The crashing that drew him on was not the continuous thunder that the automaton had made as it barrelled through shelf after shelf. Rather it was an intermittent thing, with gaps that might stretch minutes between short periods of splintering and crashing.
Evar closed in cautiously. In the boredom of his days on the plateau he’d had plenty of time to consider why some huge mechanical monster had given chase with such dedication. He’d come up with nothing. His best guess for why it had arrowed after him, ignoring his siblings, was either that it had seen him first, or that its random choices had just panned out that way. Nothing else made sense.
When at last Evar got his first sight of the source of the din, he was amazed to find himself looking at a smaller, though still much larger than him, version of the original automaton. It was working its broad-shouldered, almost round body along one of the wider aisles, its elbows stripping books from the shelves about eight feet off the ground, spilling them onto the floor behind it in untidy mounds with loose pages fluttering.
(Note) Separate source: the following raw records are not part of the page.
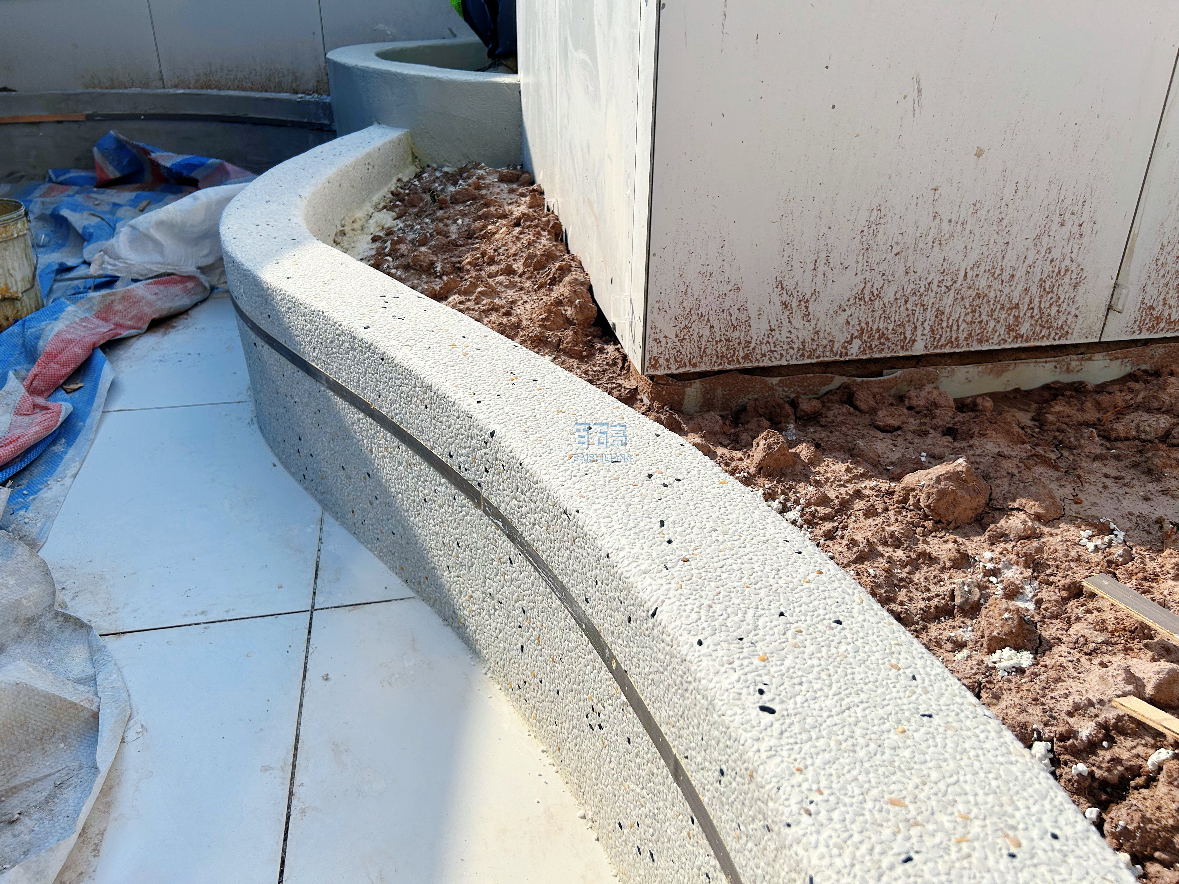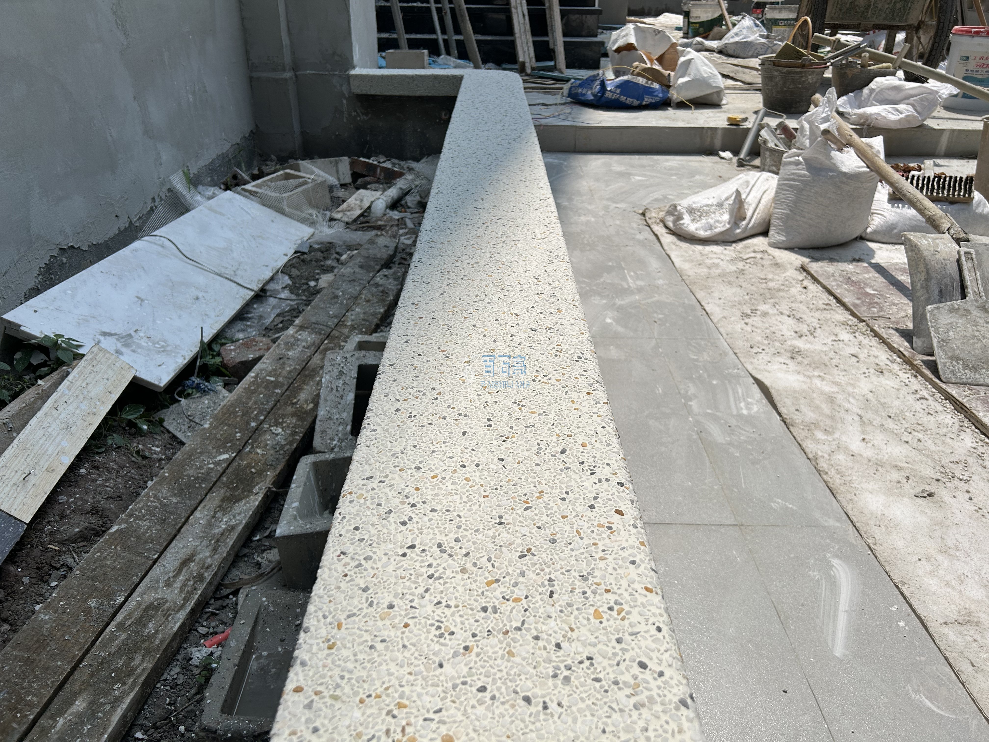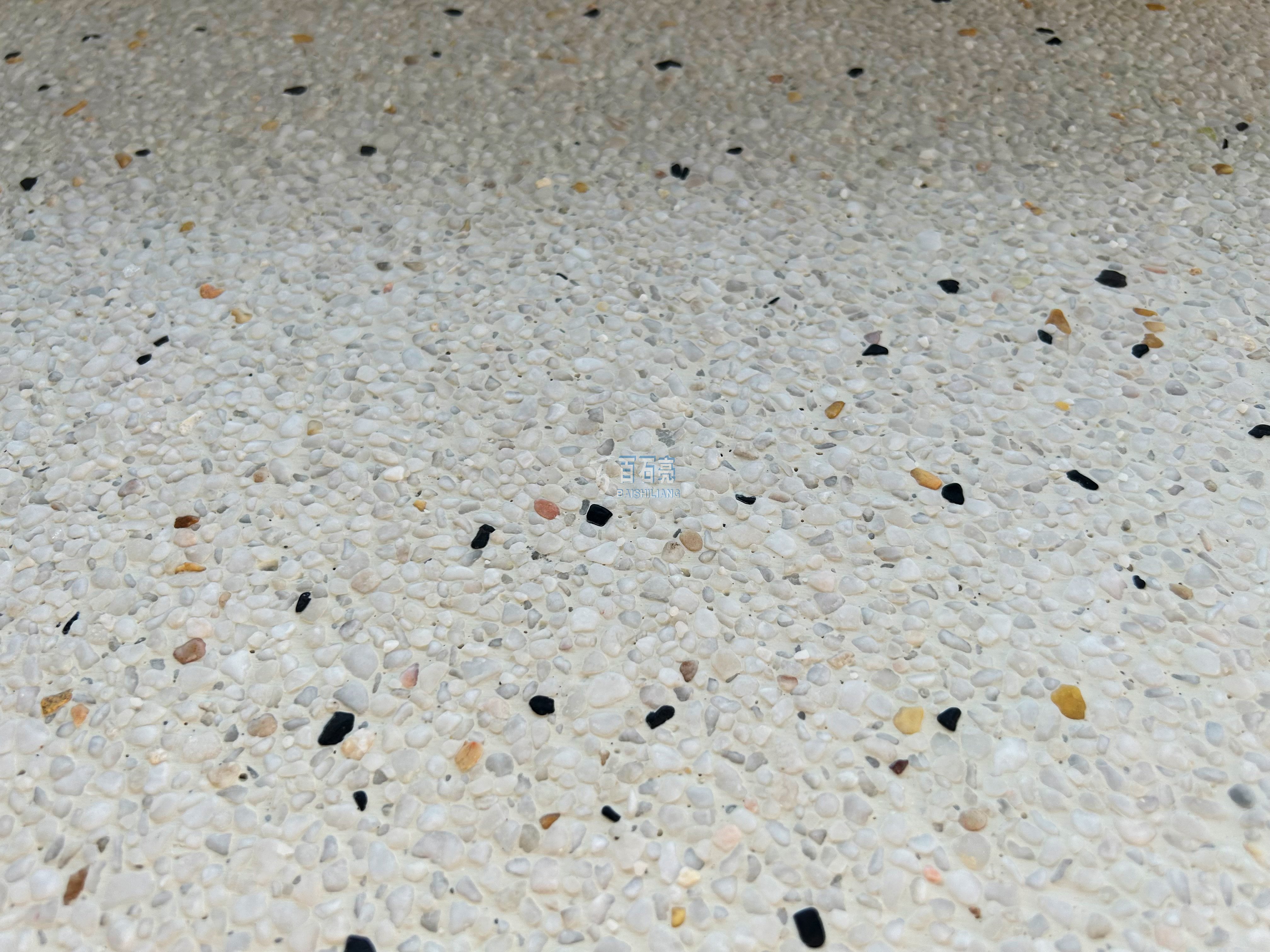 今天為大家介紹一處屋頂花園的水洗石案例。客戶選用的白色基底加3-5的白色骨料與少量的黑色、黃色骨料配比而成的水洗石。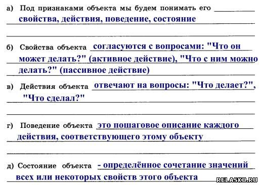 Задания к главе 4 «Разновидности объектов и их классификация»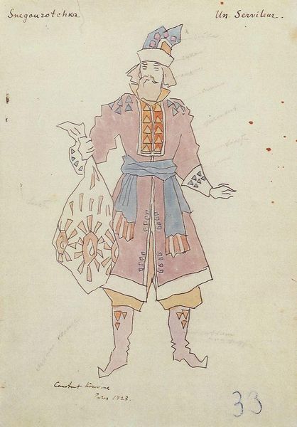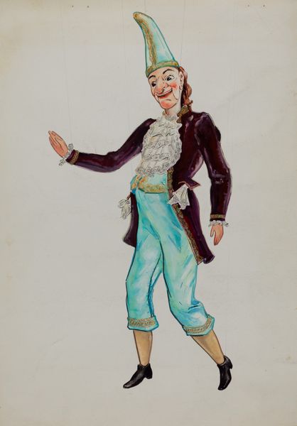 Curator: Here we have Lillian Causey’s “Man’s Suit,” likely created around 1936. It’s rendered in watercolor and drawing. What springs to mind for you, Editor? Editor: Frivolity, dare I say! A cotton-candy dream in watered-down rouge. The meticulous detailing—the frills, the floral, the very confident stance—suggests a playful commentary on wealth, maybe even a jab at masculine affectation. Curator: Absolutely. The labor involved in the creation mirrors the labor involved in producing the clothing of the time, emphasizing how much craft underpinned even aristocratic appearances. Notice the fabric swatch up there on the left. The drawing gives us an impression, yet it’s also presenting possibilities, choices of pattern and form to consider as commodities. Editor: It’s like a paper doll, waiting for the world, but with an attitude. I imagine Causey saw the theatricality in everyday life—these historical recreations, if you will, offered a means to comment on the stage of modern society too. It has that slightly sad, knowing glamour, that almost feels... vulnerable? Curator: That's interesting because fashion plates such as this had several lives, often appearing in magazines like "Harper's Bazaar," catering to the upper crust while also educating burgeoning manufacturers on what was considered cutting-edge style. "Vulnerable" makes sense because the drawing reveals the choices, labor, and context that mass marketing elides. Editor: Almost like the picture is blushing, embarrassed to show itself, maybe knowing its beauty and value are so fleeting, caught on paper in fading color. Curator: The piece reveals the inherent connection between material culture, representation, and societal performance in really compelling ways. And the delicate rendering draws attention to the ephemeral and highly consumable nature of the fashions represented, hinting at issues like garment worker conditions. Editor: The outfit exists in a state of permanent becoming, so to speak. More a question, "could this exist, maybe this is beauty?" than any simple, declarative "look!" But your point about production truly colors my interpretation now! Curator: It makes me look at historical representation from another angle. Thanks. Editor: And it does for me as well; let's sashay on, shall we?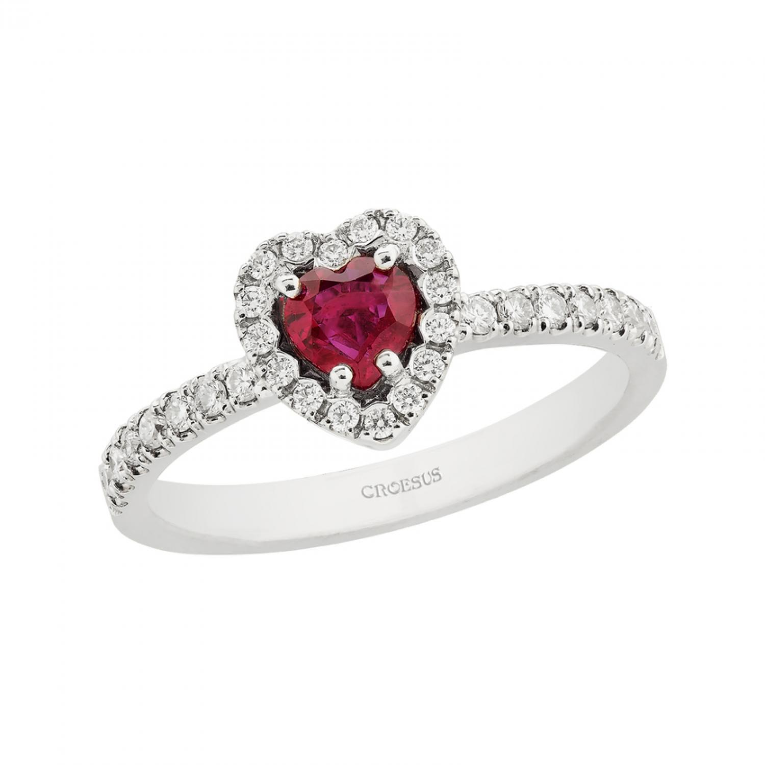 Ring K18 white gold with a heart shape ruby 0,71ct and brilliant cut diamonds total weight 0,23ct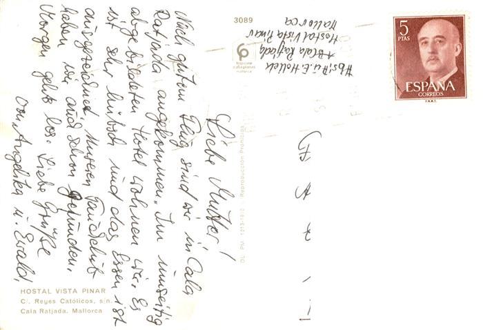 old postcard Cala Ratjada Mallorca Pension Vista Pinar Speisesaal Bar Zimmer Strand postalisch gelaufen Erhaltung siehe scans [FriedD77]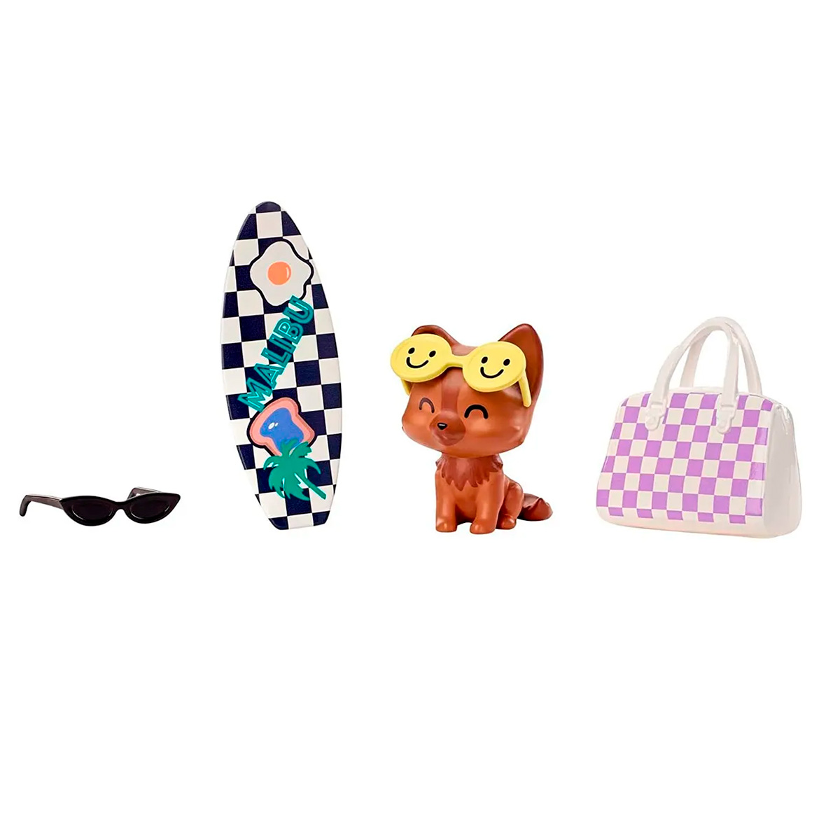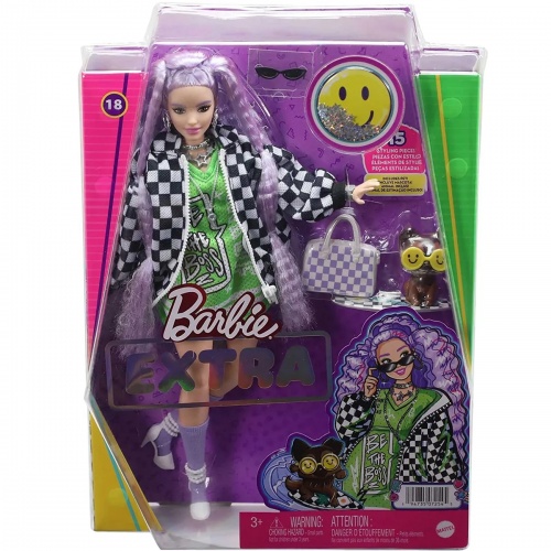 Барби – с длинными завитыми волосами лавандового цвета, наполовину собранными в конский хвост. Кукла одета в неоново-зеленое платье из джерси, оверсайз-жакет в черно-белую клетку, лиловые носки и белые туфли с ремешками. Клетчатая сумка в тон, черные солнцезащитные очки и множество многослойных украшений расставляют эффектные акценты. Компанию кукле составляет очаровтаельный щенок на сёрфе и в очках. Игры с куклой помогают развивать чувство стиля и способствуют творческому самовыражению.
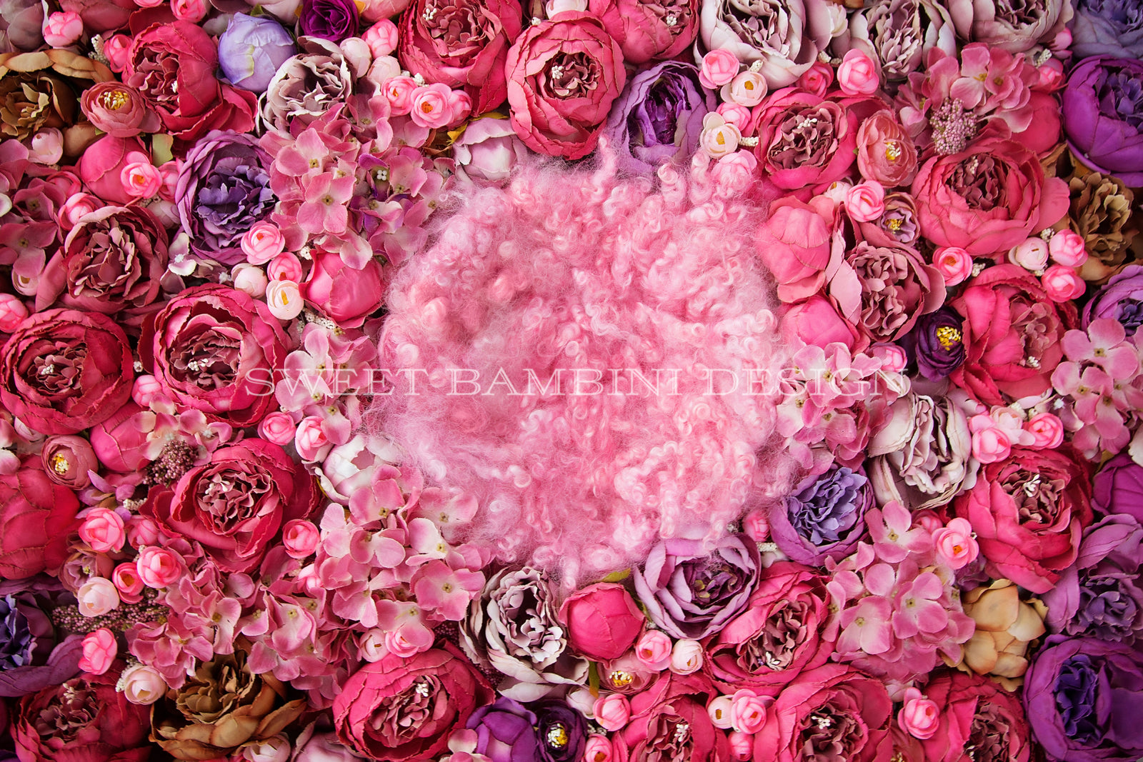 This is a gorgeous flower wall made with silk flowers, with a little nest in the middle for your newborn.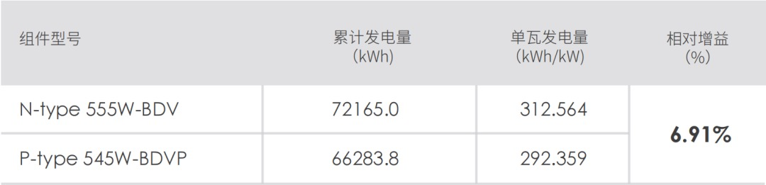 在2023年5月18日-7月19日兩個(gè)月測(cè)試期間,該電站中的N型TOPCon組件有更好的發(fā)電表現(xiàn)。相比于P型PERC組件的單瓦發(fā)電量為292.359kWh/kW,N型組件的單瓦發(fā)電量為312.564kWh/kW,平均增益高達(dá)6.91%。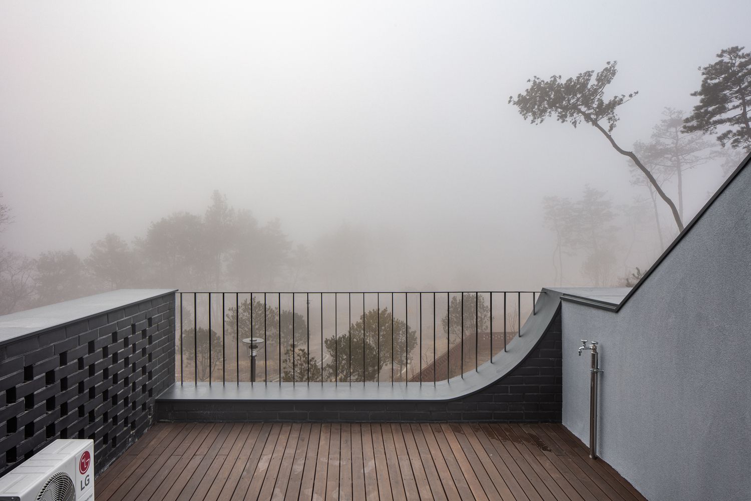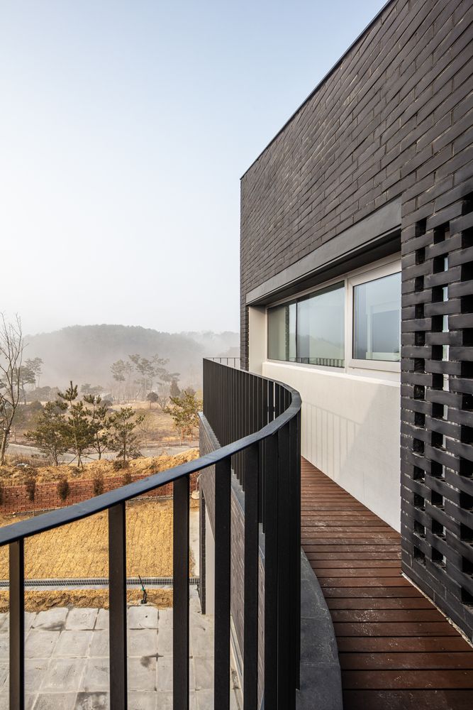 But having lived in high-rise apartment complexes most of their lives, they were highly concerned with maintaining privacy from the street and its neighbors. Therefore it was important for the house to open up to the landscape of the garden and the majestic Gyeryong mountain ranges beyond, while still shrouding the house from public view.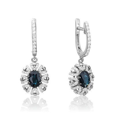 первая страница > Ювелирные изделия > PLATINA Серьги с английским замком из белого золота 585 пробы c сапфиром и бриллиантами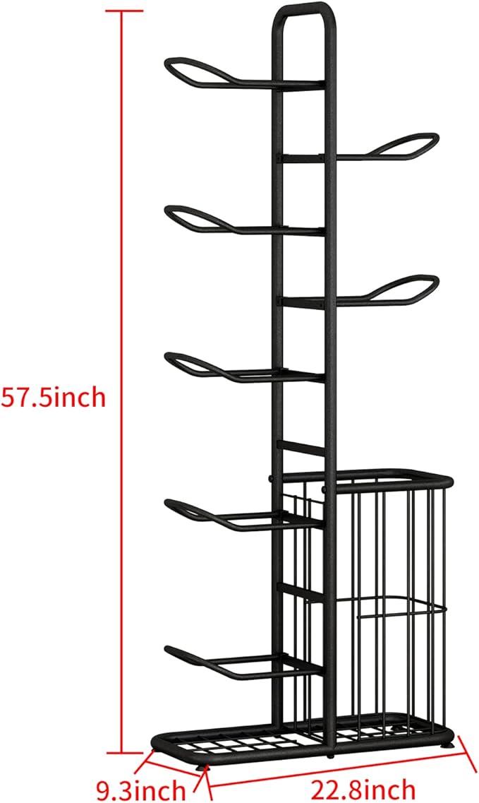 - 🏀【Scientific and Humanized Design】The space-saving design of this ball rack can be placed in those underutilized tall and narrow wall areas in the garage, usually between the garage doors or indoors or on the balcony or backyard. This makes it a perfect indoor basketball rack and outdoor ball storage solution.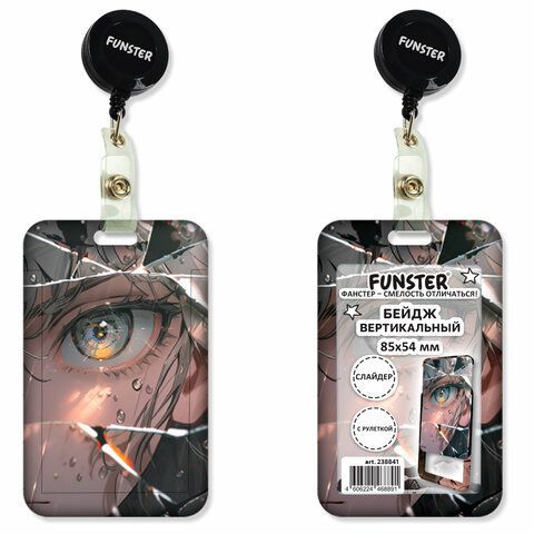- Бейдж вертикальный с 3D печатью "Отражение" (85х54 мм), с рулеткой, СЛАЙДЕР, FUNSTER, 238841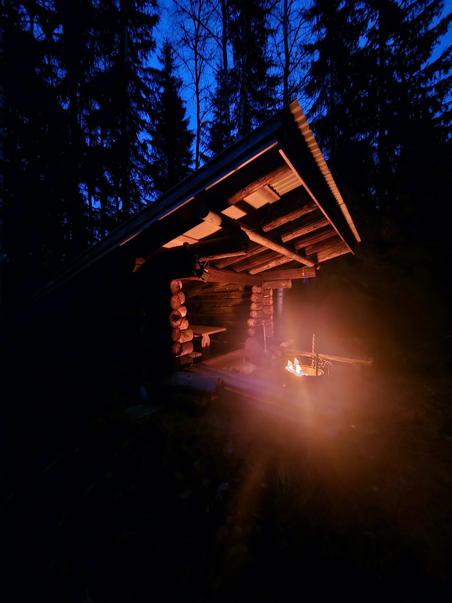 2 yön majoitus tunnelmallisessa perinteisessä hirsimökissä, jossa aika pysähtyy ja mieli rauhoittuu.

This one was perhaps twice Evar’s height and if it had been made of flesh and bone rather than copper and brass it might have weighed twenty times what he did. A relief of fur picked out in gold covered its body and arms, and on the backs of both hands a single blade jutted forward, looking large and sharp enough to slice a skeer in two.
Evar’s elevated perspective offered a new viewing angle that tickled his memory. “I’ve seen you before...” He tried to remember where. It wasn’t as if he had done much travelling in his life or met many strangers. So how did he know this creature, or at least the creature on which the metal creation below him had been modelled? The most likely answer was that he had seen a picture in a book—but that wasn’t what his memory was telling him. The recollection was fresher and more vivid than that of something flipped past in some ancient bestiary years ago. “Livira...” It hit him as the automaton below twisted its short, thick neck to look up at him. He’d been with Livira in the Exchange. They’d chosen an off-world pool and he’d found himself among these creatures, yellow-furred, barely half his height, within a library not dissimilar to this one. Only Livira hadn’t been there when he turned round, and he’d returned to find her still choking out the noxious air of the creatures’ home.